Густой влажный воздух с трудом проникал в лёгкие, в то время как оглушённое обоняние не могло определить, чем же этот самый воздух насыщен: непереносимой вонью или неземными ароматами?
Слишком уж незнакомыми были эти запахи, чтобы их можно было хоть как-то классифицировать.
Тем более непросто это сделать, когда спину царапает жёсткая кора огромного дерева (по крайней мере, Маше очень хотелось верить, что это действительно дерево); глаза не могут привыкнуть к странному слепяще-туманному зелёному свету — густому, насыщенному, как и воздух этого места; прямо перед лицом болтаются какие-то плети? лианы? а может, змеи?! в уши врываются резкие крики неизвестных созданий, обосновавшихся где-то над Машиной головой; а в довершение всего — ноги вовсе не ощущают под собой надёжную опору, а совершенно напротив — с каждой секундой всё больше увязают в чём-то подозрительно мягком.
Маша осторожно скосила глаза вниз, стараясь при этом не упустить из виду зелёные лианы, болтающиеся перед лицом. Очень хотелось верить, что это лианы… очень-очень хотелось… Но с каждым их движением, эта вера таяла, как мороженое под солнцем Сахары. Ведь они скорее извивались, чем качались…
Правда, к Машиному лицу пока не приближались. Замирали на миг и снова возобновляли движение, словно танцевали.
Внизу обнаружилась не просто грязь или вязкая почва, — там набухала и пузырилась зеленовато-бурая масса. Вокруг ступней выделялась граница из особенно крупных раздувающихся и опадающих пузырей.
Усилием воли затолкав внутрь рвущийся из груди крик, Маша мягко и осторожно потянула вверх правую ногу. Приложив некоторое усилие, ногу удалось вытащить, и Маша рванулась вперёд, стремясь перешагнуть бурлящее месиво.
Ей это почти удалось. Она выдернула и вторую ногу — впереди стелилась то ли низкая трава, то ли высокий мох. Маша пригнулась, надеясь проскочить под “лианами”… Но зелёные плети, внезапно удлинившись, устремились к ней, охватывая упруго.
Маша дёрнулась, вцепилась руками в плотные жгуты, словно со стороны услышав свой собственный визг; но они не поддавались, а захлёстывали её всё плотнее — поперёк груди, подмышками, за руки, уже и до талии добрались. И через несколько секунд Маша ощутила, что ноги её отрываются от земли, и её тянет куда-то вверх.
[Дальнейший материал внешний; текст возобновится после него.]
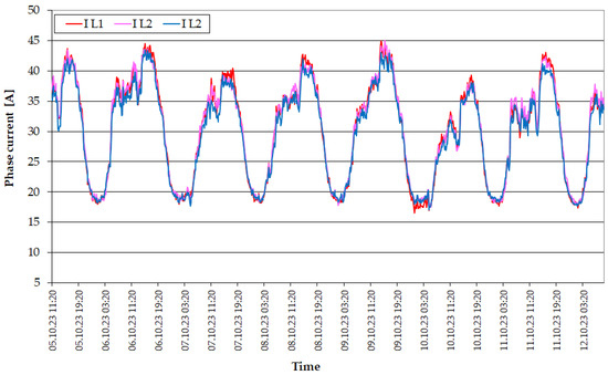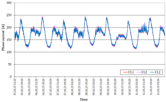 In order to verify the power losses occurring on HV/MV transformers, measurements of the volatility of the basic load parameters of both transformers occurring at the examined power station were also made. The registered course of currents in individual phases of the TR-1 transformer is shown in Figure 9. As in the case of the line load, the TR-1 transformer current showed daily variability depending on the time of day.

Жуткие “лианы” неровными рывками затаскивали свою пленницу в густое переплетение мощных бурых ветвей, некоторые из которых были обвиты такими же зелёными канатами.
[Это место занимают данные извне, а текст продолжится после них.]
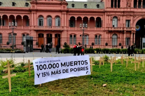 Particular “homenaje” al Gobierno por las victimas de COVID. “Ni salud ni economía. 100.00 muertos y más de 15% de pobres” puede leerse, en referencia los dichos de Alberto.
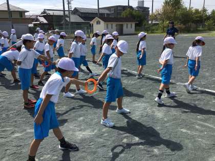 リングバトンを渡す練習をしました。

Маша замолчала, как только решила для себя, что это всё-таки не змеи, а произошло это довольно быстро. Трудно сказать, почему она так подумала, и ещё труднее понять, почему отвращение порой оказывается сильнее самого сильного страха. Но как бы там ни было, факт остаётся фактом: как только лианы перестали быть для Маши змеями, и она смогла избавиться от захлестнувшего её отвращения, так к ней вернулась способность осмысленно воспринимать окружающее.